That was painful. I was rooting for the guy but it just got hard to watch. Is it possible that this performance is further fallout from the tragic disaster last week in Japan? I haven't seen The Situation try and fail at something this badly since he lost his bid for Sammi (Speaking of Sammi, wait until you see what I have for you in a little bit) to a roided out crybaby. This is the most clueless The Situation has been since he banged out a girl on a bed of cheese. The Situation has a better chance at passing for under 30 than he does at being remotely funny. Oh hey look, I just came up with 3 better jokes than The Situation had all night. 4.
Honestly it must be ridiculously easy to be his writer. All you have to do is give the people what they want and that is for him to look like a huge doucher. You just have to have him talk about banging chicks, making bank with minimal effort, have him say "bro" 47 times and give him a few pranks to pull during the show. "Yo, send those girls to New York City." "GENUIS!"

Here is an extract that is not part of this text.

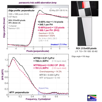 Верхний график представляет собой краевой профиль, для которого приведено значение 10—90% rise distance в пикселях, а нижний график представляет собой MTF (Modular Transfer Function — функция передачи модуляции), для которой приведен параметр MTF50 в циклах на пиксель. Краевой профиль и MTF камеры показаны черной линией. Красной пунктирной линией обозначен краевой профиль и MTF, которые программа Imatest считает близкими к оптимальным. 10—90% rise distance и MTF50 также являются расчетными величинами Imatest.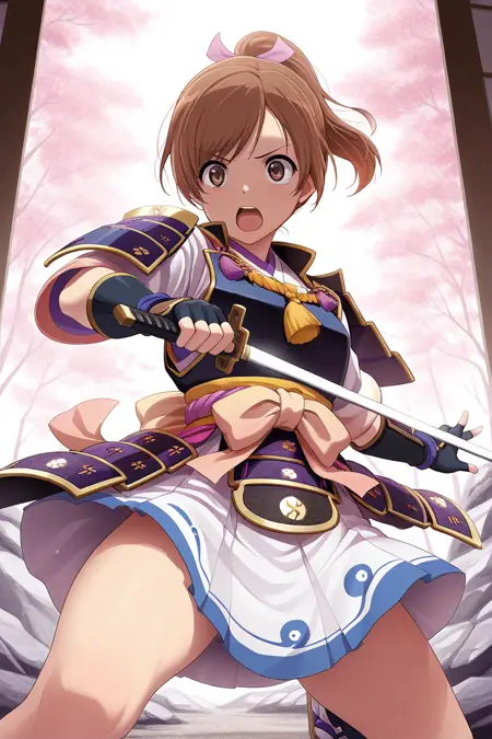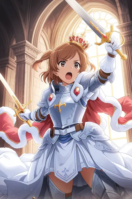 karen, 1girl, crown, mini crown, weapon, jacket, solo, skirt, brown hair, sword, yellow belt, holding weapon, brown eyes, jacket on shoulders, blue jacket, two side up, stage outfit

The real crime though is how much he probably got paid to do that. He definitely got 6 figures, easy. Apparently Situation threw in a bunch of racial jokes that Comedy Central didn't air but they have leaked online and I have them here for you. You're welcome.
"Yo Snoop, what up dawg ... you know you have so much in common with Donald Trump? Trump's ancestors were into real estate ... and your ancestors were considered property."
"I'm not from New Jersey ... I was born in Staten Island which is a New York borough ... not to be confused with the burro Marlee Matlin blows onstage in Tijuana ..." He continued, "Relax, she didn't even hear it ... I mean hey, at least her mouth is good for something right? Hey, that was definitely some great work Marlee ... have you ever done anything else actually?"
"Larry King is rockin' the Armani diaper ... Seth MacFarlane is sporting Victoria's Secret ... panties. And Snoop is wearing a Louis Vuitton condom ... nah, I'm just kidding, he don't wear condoms, you know that!"
"I like Larry King ... he's a playa ... he actually wrote a book named 'Mr. King Is Having a Heart Attack' ... he got that title from a hooker he was fucking."
"Trump is a good looking dude ... if your eyes are like Marlee Matlin's ears."